Farm Business Investment Loans – find out more

Nick von Westenholz

Nick von Westenholz

NFU Director of Strategy

A calculator in a field of wheat

Photograph: INSADCO GmbH / Alamy Stock Photo

The NFU has been in discussions with government officials about the financial support farmers need against the backdrop of some of the most challenging commercial and weather conditions in living memory. NFU Director of Trade and Business Strategy Nick von Westenholz reports.

On the back of the expansion to the Farming Recovery Fund, Defra Secretary Steve Barclay said the NFU’s calls for a government-backed loan to support farming businesses during what has been one of the most challenging periods for the industry ‘merit detailed consideration’.

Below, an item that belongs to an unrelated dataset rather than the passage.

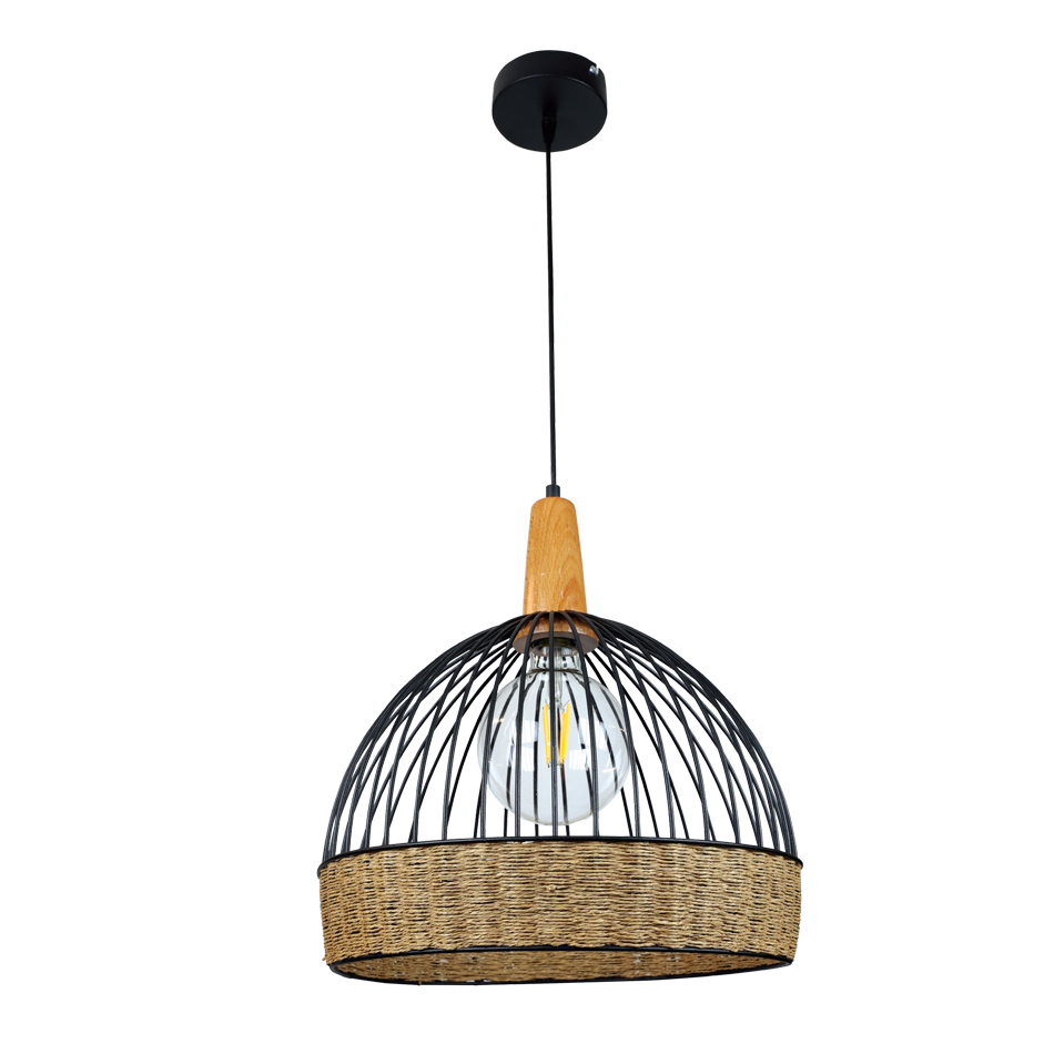 Πρόκειται για ένα φωτιστικό οροφής κατασκευασμένο από  μαύρο μέταλλο. Η σχεδίασή του επιτρέπει τη διάχυση του φωτός. Το ξύλο και το σχοινί προσδίδουν τη ζεστασιά που χρειάζεται. Επιπλέον ρυθμίζεται για να λάβει το ιδανικό ύψος για κάθε χώρο.

The FBIL (Farm Business Investment Loan) scheme is one of a number of measures proposed by the NFU, including lessening the reductions in direct payments that will be made this year to support farmers affected by the bad weather. The scheme is modelled on the coronavirus business loans.

These loans would be simple to apply for, and for banks to approve, and would provide significant help with cashflow to support farm business resilience and investment across the UK.

How would the loans work?

The central feature of these FBILs would be a low, fixed-rate of interest for farm businesses and an initial 12-month capital repayment holiday, with government covering the residual interest with lenders. This would enable many businesses not only to weather the current, highly-volatile commercial conditions, but also to invest in their businesses to become more resilient in future.

The significant cash injection FBILs could provide, at a comparatively low cost to government, may mean the difference between businesses remaining commercially viable or not over the next 12-18 months.

It will help farmers with their cashflow, allowing them to invest in their businesses according to their individual circumstances, so they can continue to produce great British food and contribute to our national food security at such a critical time.

As an illustration of the financial profile of the loans, if 30,000 businesses apply for a £50,000 loan at a fixed interest of 2.5% over 6 years, this would equate to an immediate cash injection into the industry of £1.5bn. The cost to government (assuming current commercial rates of around 7%), would be just over £300m in total interest payments, so an average of £50m a year.

The cost to borrowers in interest over the term of the loan would be around £3,750 each.

These figures are illustrative only, but give a sense of how such a scheme might work and, given the likelihood of interest rates falling in the months and years ahead, the cost to government could be significantly lower.